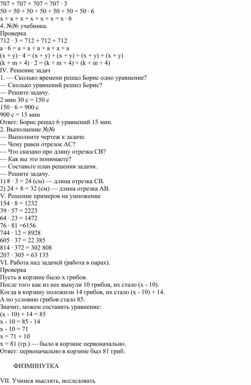 V. Решение примеров на умножение
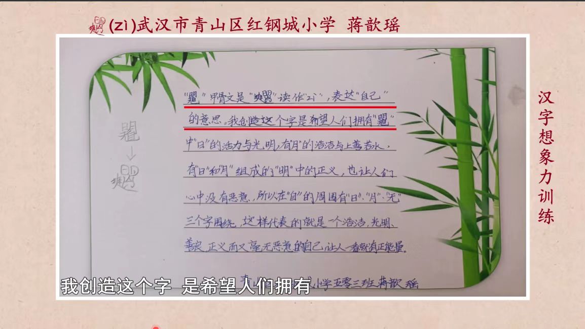 日前,在湖北电视教育频道精品栏目《汉字解密》开展的“小小造字家”汉字想象力训练活动中,来自武汉市青山区红钢城小学的同学们发挥自己的想象力,向栏目投稿造字作品,并被采用。
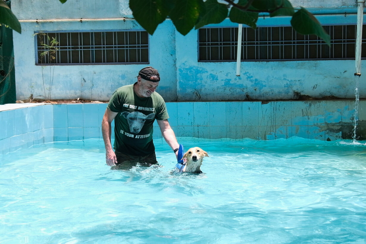 Gorgeous and playful Champ came to us with a hind leg swollen to twice its size, laying hidden away with a broken hip and very damaged spine. It took months of physiotherapy, hydrotherapy, and oodles of love before Champ was even able to stand. But once he could stand again, he decided it wasn’t enough, and a wobbly walk turned into a twisty, hurrying, rolling, running sprite.
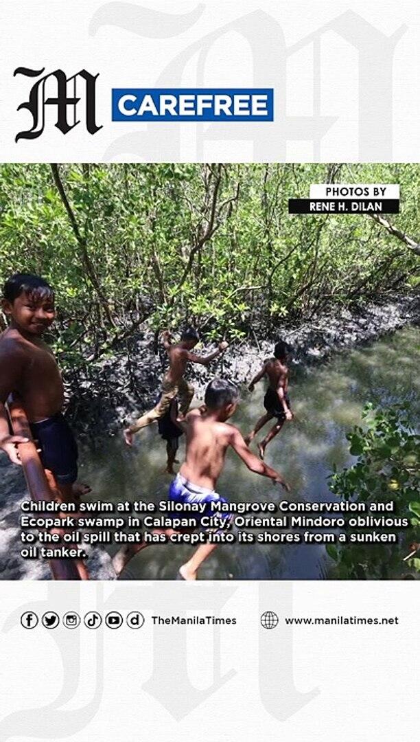 Children swim at the Silonay Mangrove Conservation and Ecopark swamp in Calapan City, Oriental Mindoro oblivious to the oil spill that has crept into its shores from a sunken oil tanker.
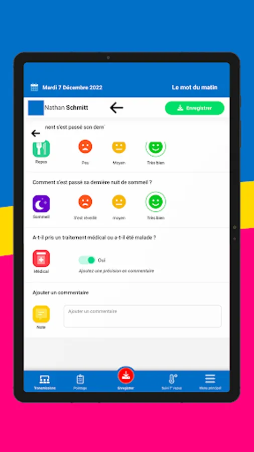 ➜ The "Word of the morning" by the creche teams In the morning, when welcoming the child to the creche note the "Word of the morning" which summarizes the parents' remarks.
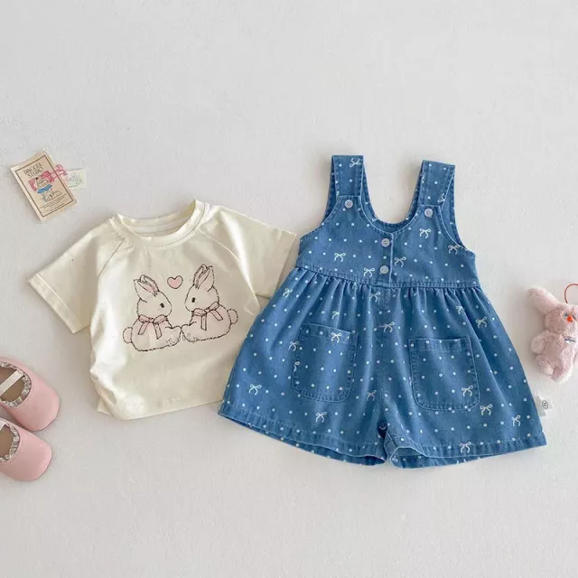 Let your little one shine this summer with this irresistibly cute girls’ outfit featuring a playful bunny T-shirt and classic denim overalls. Designed for kids who love to move, laugh, and explore, this two-piece set blends adorable design with everyday comfort. With cartoon prints full of character, sweet bow accents, and soft, breathable fabric, this outfit is made to keep your child looking stylish and feeling great through every sunny adventure.
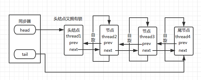 2.维护同步队列的FIFO原则,节点进入同步队列以后,就进入了一个自旋的过程,每个节点(后者说每个线程)都在自省的观察。
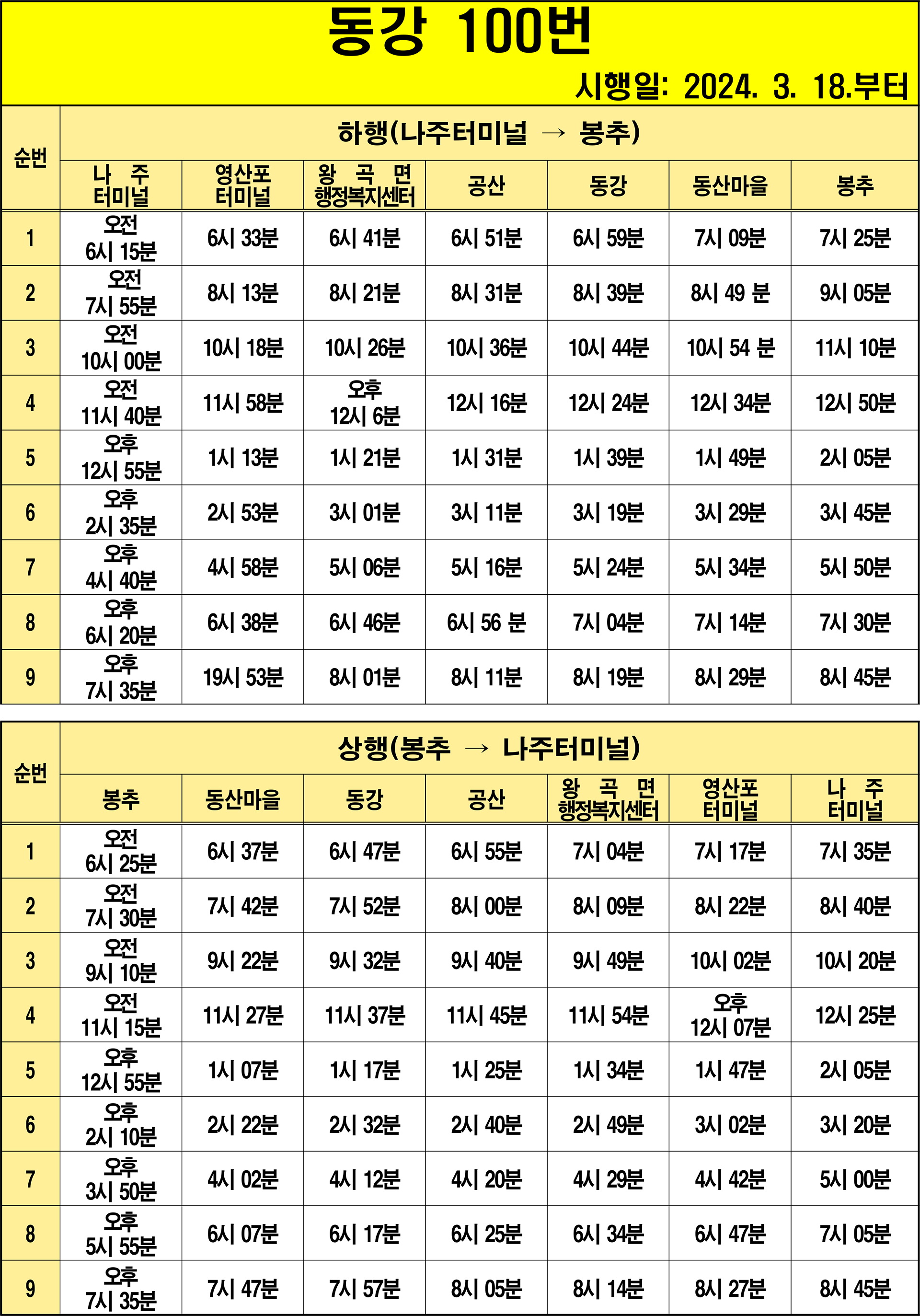 나주 100번: 1.봉추(기점) → 2.신촌 → 3.다복골 → 4.복룡 → 5.화정 → 6.복룡.봉추입구 → 7.옥정 → 8.옥정4구 → 9.몽송 → 10.동산입구 → 11.용동마을 → 12.용동 → 13.월감 → 14.월감마을 → 15.동강남초교.월등 → 16.철산.대전3구 → 17.상촌 → 18.수랑골 → 19.본촌마을 → 20.구양.월량3구 → 21.신양.월량2구 → 22.동강 → 23.월량.후동사거리 → 24.후동 → 25.동촌2구 → 26.동촌.가송입구 → 27.독와실 → 28.송산 → 29.상장성 → 30.공산 → 31.공산고 → 32.복사초리.상방리 → 33.나주C.C.입구 → 34.청송입구 → 35.내동 → 36.박포 → 37.산정 → 38.구천 → 39.왕곡초교 → 40.옥곡 → 41.호동 → 42.왕곡면행정복지센터 → 43.연동 → 44.동방 → 45.동수.오량.농공단지 → 46.동령 → 47.동수동생물산업단지입구 → 48.석계 → 49.석기내 → 50.풍물시장 → 51.나주.광주요양병원 → 52.영산포터미널(상행) → 53.이창사거리.남교동 → 54.노인복지관 → 55.영강사거리.영산대교 → 56.대덕아파트 → 57.나주국민체육센터 → 58.나주역 → 59.나주시청 → 60.나주문화예술회관 → 61.송월부영아파트 → 62.소방삼거리 → 63.나주고교 → 64.백민원 → 65.천주교사거리 → 66.나주중앙병원 → 67.나주터미널(상행)(회차지) → 68.나주터미널(하행) → 69.성북아파트 → 70.천주교사거리 → 71.나주고교 → 72.소방삼거리 → 73.나주문화예술회관 → 74.흥룡마을입구 → 75.나주시청 → 76.나주역 → 77.나주국민체육센터 → 78.대덕아파트 → 79.영강사거리 → 80.노인복지관 → 81.이창사거리.남교동 → 82.영산포터미널(하행) → 83.풍물시장 → 84.석기내 → 85.석계 → 86.동수동생물산업단지입구 → 87.동령 → 88.동수.오량.농공단지 → 89.동방 → 90.연동 → 91.왕곡면행정복지센터 → 92.호동 → 93.옥곡 → 94.왕곡초교 → 95.구천 → 96.산정 → 97.박포 → 98.내동 → 99.청송입구 → 100.나주C.C.입구 → 101.복사초리.상방리 → 102.공산고 → 103.공산 → 104.상장성 → 105.중도 → 106.송산 → 107.독와실 → 108.동촌.가송입구 → 109.동촌2구 → 110.후동 → 111.월량.후동사거리 → 112.동강 → 113.신양.월량2구 → 114.구양.월량3구 → 115.본촌마을 → 116.수랑골 → 117.상촌 → 118.철산.대전3구 → 119.동강남초교.월등 → 120.월감마을 → 121.월감 → 122.용동 → 123.용동마을 → 124.동산입구 → 125.동산마을종점 → 126.몽송 → 127.옥정4구 → 128.옥정 → 129.복룡.봉추입구 → 130.화정 → 131.복룡 → 132.다복골 → 133.신촌 → 134.봉추(종점)
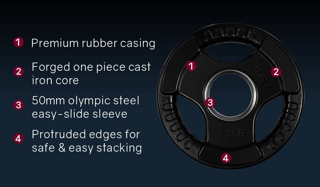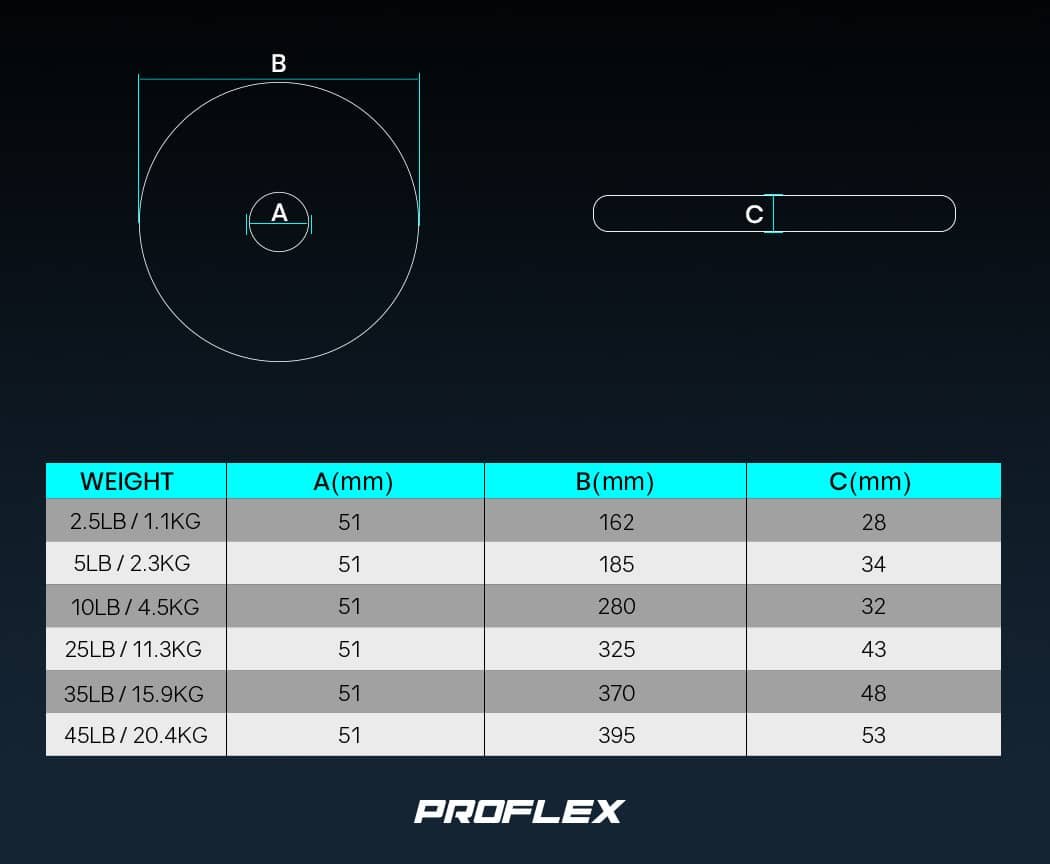 The JusBfit Series launched by Proflex is true commercial-grade gear that makes it ideal for anyone looking for gear that will stand the test of time. The range of Olympic Weight Plates are heavy-duty in structural integrity with one-piece forged construction and ergonomically engineered for comfortable and safe handling. They feature ultra-rugged, split, crack and peel resistant rubber casings to protect your floors and other equipment. The steel inner rings allow the weights to easily slide along an Olympic bar.
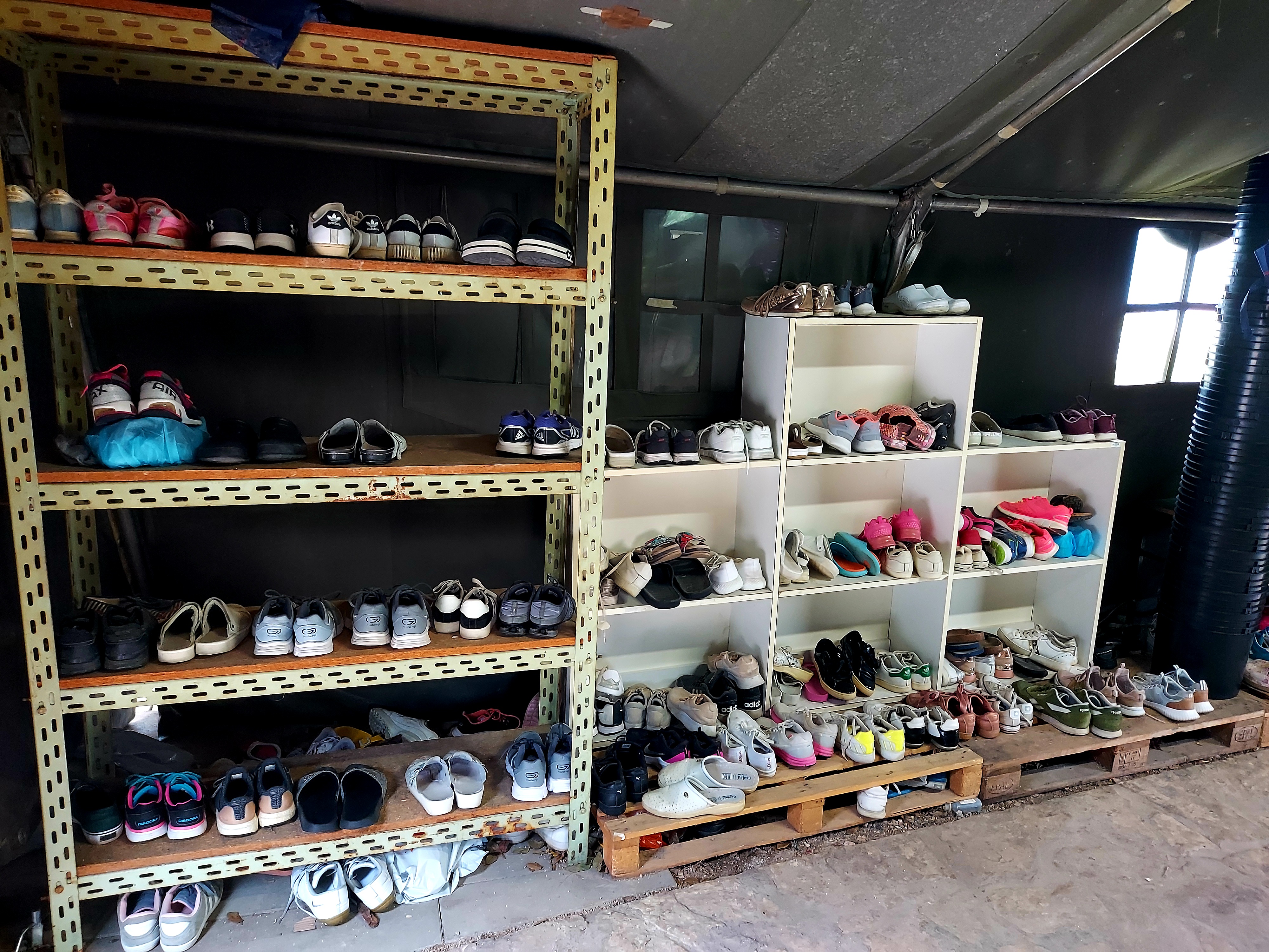 Obuća djelatnika koji su u tom trenutku unutar odjela nalazi se u šatoru pred ulazom.
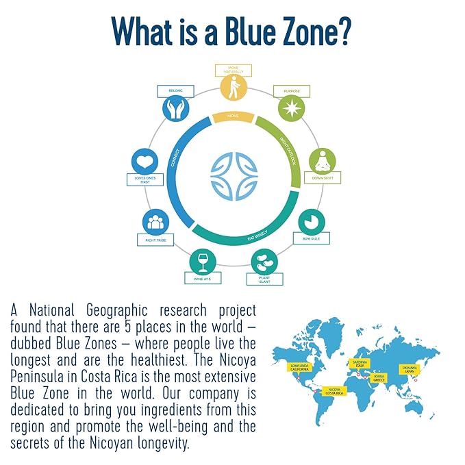 - Secrets of the Blue Zones: This tea is sourced from Costa Rica's Nicoya Peninsula, a renowned Blue Zone known for exceptional longevity. Like other Blue Zones such as Okinawa, Sardinia, and Loma Linda, Nicoya emphasizes unique dietary habits, strong social connections, active lifestyles, and a sense of purpose, all contributing to longer, healthier lives in these regions.
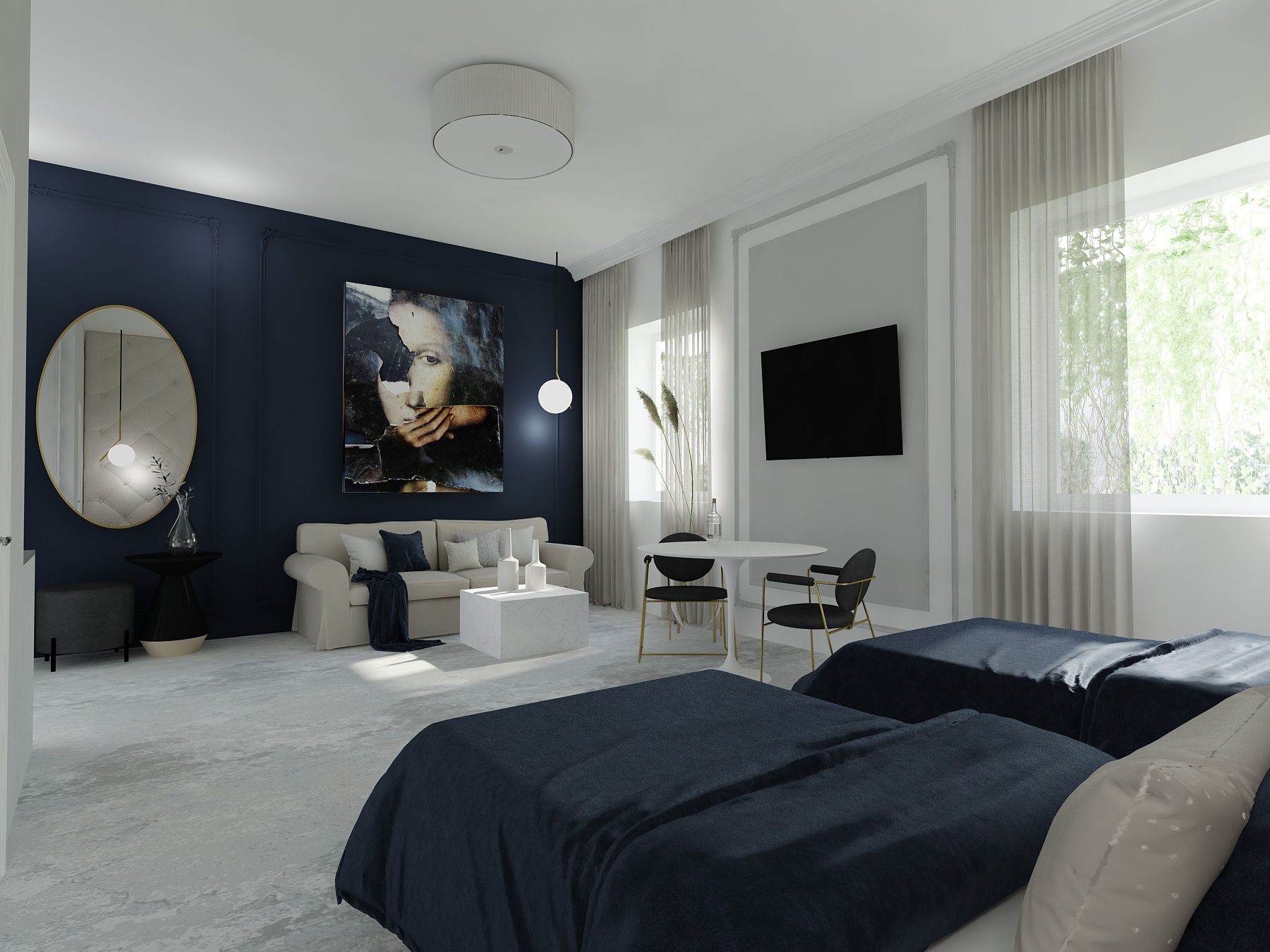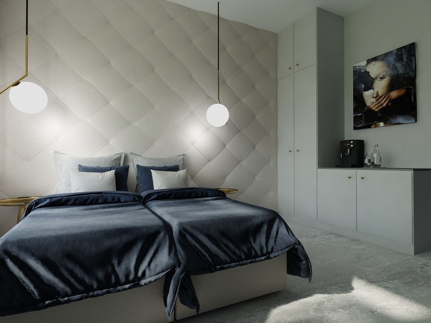 Luksusowy, stylowo wykończony, apartament o powierzchni 70 m2 z podwójnym łóżkiem typu king size (200 cm) w każdej z dwóch przestronnych sypialni, wyposażonymi w materace premium zapewniające komfort wypoczynku. Pomiędzy sypialniami znajduje się łazienka, a obok salonu toaleta z WC. W salonie znajdują się sofa i stolik oraz w pełni wyposażony aneks kuchenny. Klimatyzowany. Do dyspozycji naszych Gości w apartamencie, oprócz wody mineralnej, znajduje się ekspres do kawy z szerokim wyborem kaw w kapsułkach, a w łazienkach dodatkowo szlafroki i pantofle.

::::::::::

▶ [What the task asks] Transcribe all the lines above exactly; any image among them is skipped.

▶ [Response to this exercise]
 V. Решение примеров на умножение
 日前,在湖北电视教育频道精品栏目《汉字解密》开展的“小小造字家”汉字想象力训练活动中,来自武汉市青山区红钢城小学的同学们发挥自己的想象力,向栏目投稿造字作品,并被采用。
 Gorgeous and playful Champ came to us with a hind leg swollen to twice its size, laying hidden away with a broken hip and very damaged spine. It took months of physiotherapy, hydrotherapy, and oodles of love before Champ was even able to stand. But once he could stand again, he decided it wasn’t enough, and a wobbly walk turned into a twisty, hurrying, rolling, running sprite.
 Children swim at the Silonay Mangrove Conservation and Ecopark swamp in Calapan City, Oriental Mindoro oblivious to the oil spill that has crept into its shores from a sunken oil tanker.
 ➜ The "Word of the morning" by the creche teams In the morning, when welcoming the child to the creche note the "Word of the morning" which summarizes the parents' remarks.
 Let your little one shine this summer with this irresistibly cute girls’ outfit featuring a playful bunny T-shirt and classic denim overalls. Designed for kids who love to move, laugh, and explore, this two-piece set blends adorable design with everyday comfort. With cartoon prints full of character, sweet bow accents, and soft, breathable fabric, this outfit is made to keep your child looking stylish and feeling great through every sunny adventure.
 2.维护同步队列的FIFO原则,节点进入同步队列以后,就进入了一个自旋的过程,每个节点(后者说每个线程)都在自省的观察。
 나주 100번: 1.봉추(기점) → 2.신촌 → 3.다복골 → 4.복룡 → 5.화정 → 6.복룡.봉추입구 → 7.옥정 → 8.옥정4구 → 9.몽송 → 10.동산입구 → 11.용동마을 → 12.용동 → 13.월감 → 14.월감마을 → 15.동강남초교.월등 → 16.철산.대전3구 → 17.상촌 → 18.수랑골 → 19.본촌마을 → 20.구양.월량3구 → 21.신양.월량2구 → 22.동강 → 23.월량.후동사거리 → 24.후동 → 25.동촌2구 → 26.동촌.가송입구 → 27.독와실 → 28.송산 → 29.상장성 → 30.공산 → 31.공산고 → 32.복사초리.상방리 → 33.나주C.C.입구 → 34.청송입구 → 35.내동 → 36.박포 → 37.산정 → 38.구천 → 39.왕곡초교 → 40.옥곡 → 41.호동 → 42.왕곡면행정복지센터 → 43.연동 → 44.동방 → 45.동수.오량.농공단지 → 46.동령 → 47.동수동생물산업단지입구 → 48.석계 → 49.석기내 → 50.풍물시장 → 51.나주.광주요양병원 → 52.영산포터미널(상행) → 53.이창사거리.남교동 → 54.노인복지관 → 55.영강사거리.영산대교 → 56.대덕아파트 → 57.나주국민체육센터 → 58.나주역 → 59.나주시청 → 60.나주문화예술회관 → 61.송월부영아파트 → 62.소방삼거리 → 63.나주고교 → 64.백민원 → 65.천주교사거리 → 66.나주중앙병원 → 67.나주터미널(상행)(회차지) → 68.나주터미널(하행) → 69.성북아파트 → 70.천주교사거리 → 71.나주고교 → 72.소방삼거리 → 73.나주문화예술회관 → 74.흥룡마을입구 → 75.나주시청 → 76.나주역 → 77.나주국민체육센터 → 78.대덕아파트 → 79.영강사거리 → 80.노인복지관 → 81.이창사거리.남교동 → 82.영산포터미널(하행) → 83.풍물시장 → 84.석기내 → 85.석계 → 86.동수동생물산업단지입구 → 87.동령 → 88.동수.오량.농공단지 → 89.동방 → 90.연동 → 91.왕곡면행정복지센터 → 92.호동 → 93.옥곡 → 94.왕곡초교 → 95.구천 → 96.산정 → 97.박포 → 98.내동 → 99.청송입구 → 100.나주C.C.입구 → 101.복사초리.상방리 → 102.공산고 → 103.공산 → 104.상장성 → 105.중도 → 106.송산 → 107.독와실 → 108.동촌.가송입구 → 109.동촌2구 → 110.후동 → 111.월량.후동사거리 → 112.동강 → 113.신양.월량2구 → 114.구양.월량3구 → 115.본촌마을 → 116.수랑골 → 117.상촌 → 118.철산.대전3구 → 119.동강남초교.월등 → 120.월감마을 → 121.월감 → 122.용동 → 123.용동마을 → 124.동산입구 → 125.동산마을종점 → 126.몽송 → 127.옥정4구 → 128.옥정 → 129.복룡.봉추입구 → 130.화정 → 131.복룡 → 132.다복골 → 133.신촌 → 134.봉추(종점)
 The JusBfit Series launched by Proflex is true commercial-grade gear that makes it ideal for anyone looking for gear that will stand the test of time. The range of Olympic Weight Plates are heavy-duty in structural integrity with one-piece forged construction and ergonomically engineered for comfortable and safe handling. They feature ultra-rugged, split, crack and peel resistant rubber casings to protect your floors and other equipment. The steel inner rings allow the weights to easily slide along an Olympic bar.
 Obuća djelatnika koji su u tom trenutku unutar odjela nalazi se u šatoru pred ulazom.
 - Secrets of the Blue Zones: This tea is sourced from Costa Rica's Nicoya Peninsula, a renowned Blue Zone known for exceptional longevity. Like other Blue Zones such as Okinawa, Sardinia, and Loma Linda, Nicoya emphasizes unique dietary habits, strong social connections, active lifestyles, and a sense of purpose, all contributing to longer, healthier lives in these regions.
 Luksusowy, stylowo wykończony, apartament o powierzchni 70 m2 z podwójnym łóżkiem typu king size (200 cm) w każdej z dwóch przestronnych sypialni, wyposażonymi w materace premium zapewniające komfort wypoczynku. Pomiędzy sypialniami znajduje się łazienka, a obok salonu toaleta z WC. W salonie znajdują się sofa i stolik oraz w pełni wyposażony aneks kuchenny. Klimatyzowany. Do dyspozycji naszych Gości w apartamencie, oprócz wody mineralnej, znajduje się ekspres do kawy z szerokim wyborem kaw w kapsułkach, a w łazienkach dodatkowo szlafroki i pantofle.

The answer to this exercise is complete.